[About this task]: Copy out the entries that follow exactly, leaving out the pictures.
*** Opening of Data section ***
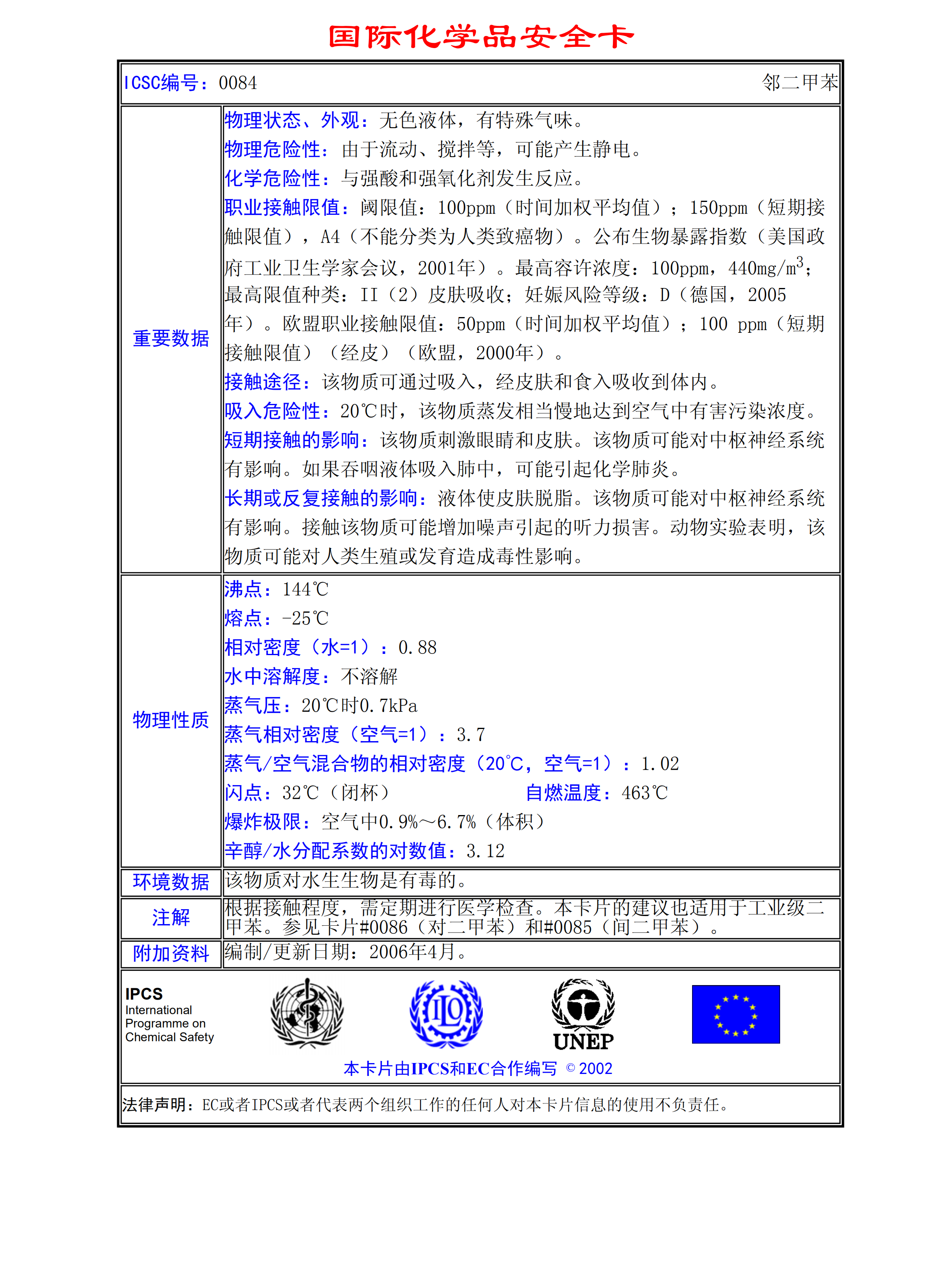 鄰二甲苯MSDS
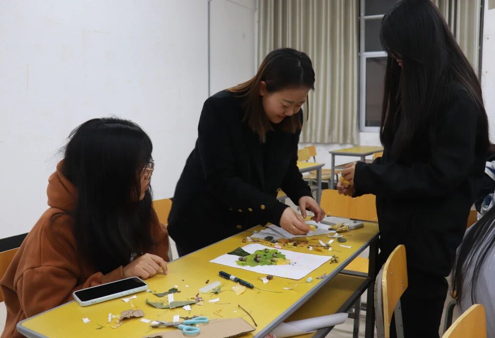 活动伊始,辅导员李婷老师为同学们进行了简短而富有深意的导入讲解。她结合秋日季节特征,引导学生思考自然的馈赠,树立“爱护环境、感恩自然”的价值观,并简要介绍了树叶相关的植物学知识,如叶脉功能、树叶变色原理等,激发了同学们的探索兴趣与创作欲望。
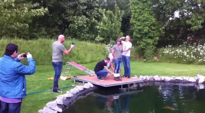 Mladoženja je naglavce uleteo u hladnu vodu, dok su se njegovi drugovi valjali od smeha.
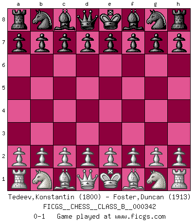 Last move : 0-1 2021 July 16 21:4:33 [Event "FICGS__CHESS__CLASS_B__000342"] [Site "FICGS"] [Date "2021.06.06"] [Round "1"] [White "Tedeev,Konstantin"] [Black "Foster,Duncan"] [Result "0-1"] [WhiteElo "1800"] [BlackElo "1913"] 0-1 This chess game has been lost on time (started : 2021.06.06 19:48:17) Player Black won this chess game. Follow this game move after move (download)Chess demands total concentration. (Bobby Fischer) Im Schach gewinnt jeder. Hat man Freunde am Spiel - und das ist die Hauptsache - ist auch der Verlust einer Partie kein Unglück. (David Bronstein) Aún deseo matar a Fischer. (Boris Spassky) Toutes les manuvres exécutées sur une colonne ouverte ont pour but ultime l'intrusion définitive sur la septième ou la huitième rangée, en plein cur de la position ennemie. (Aaron Nimzovitch) Fame, I have already. Now I need the money. (an elderly Steinitz)
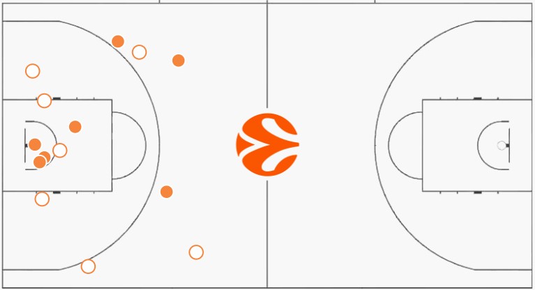 Το Shot Chart του Σάσα Βεζένκοφ με τον Ερυθρό Αστέρα.
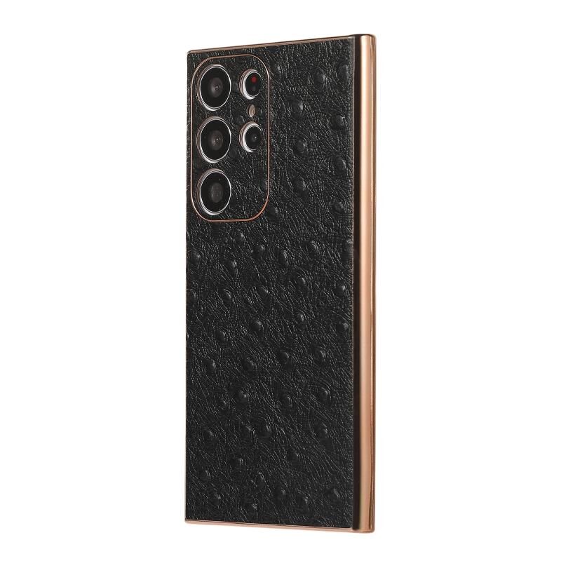 For Samsung Galaxy S23 Ultra 5G Genuine Leather Ostrich Texture Nano Electroplating Phone Case(Black)
*** Close of Data section ***
[Solution for this problem]:
 鄰二甲苯MSDS
 活动伊始,辅导员李婷老师为同学们进行了简短而富有深意的导入讲解。她结合秋日季节特征,引导学生思考自然的馈赠,树立“爱护环境、感恩自然”的价值观,并简要介绍了树叶相关的植物学知识,如叶脉功能、树叶变色原理等,激发了同学们的探索兴趣与创作欲望。
 Mladoženja je naglavce uleteo u hladnu vodu, dok su se njegovi drugovi valjali od smeha.
 Last move : 0-1 2021 July 16 21:4:33 [Event "FICGS__CHESS__CLASS_B__000342"] [Site "FICGS"] [Date "2021.06.06"] [Round "1"] [White "Tedeev,Konstantin"] [Black "Foster,Duncan"] [Result "0-1"] [WhiteElo "1800"] [BlackElo "1913"] 0-1 This chess game has been lost on time (started : 2021.06.06 19:48:17) Player Black won this chess game. Follow this game move after move (download)Chess demands total concentration. (Bobby Fischer) Im Schach gewinnt jeder. Hat man Freunde am Spiel - und das ist die Hauptsache - ist auch der Verlust einer Partie kein Unglück. (David Bronstein) Aún deseo matar a Fischer. (Boris Spassky) Toutes les manuvres exécutées sur une colonne ouverte ont pour but ultime l'intrusion définitive sur la septième ou la huitième rangée, en plein cur de la position ennemie. (Aaron Nimzovitch) Fame, I have already. Now I need the money. (an elderly Steinitz)
 Το Shot Chart του Σάσα Βεζένκοφ με τον Ερυθρό Αστέρα.
 For Samsung Galaxy S23 Ultra 5G Genuine Leather Ostrich Texture Nano Electroplating Phone Case(Black)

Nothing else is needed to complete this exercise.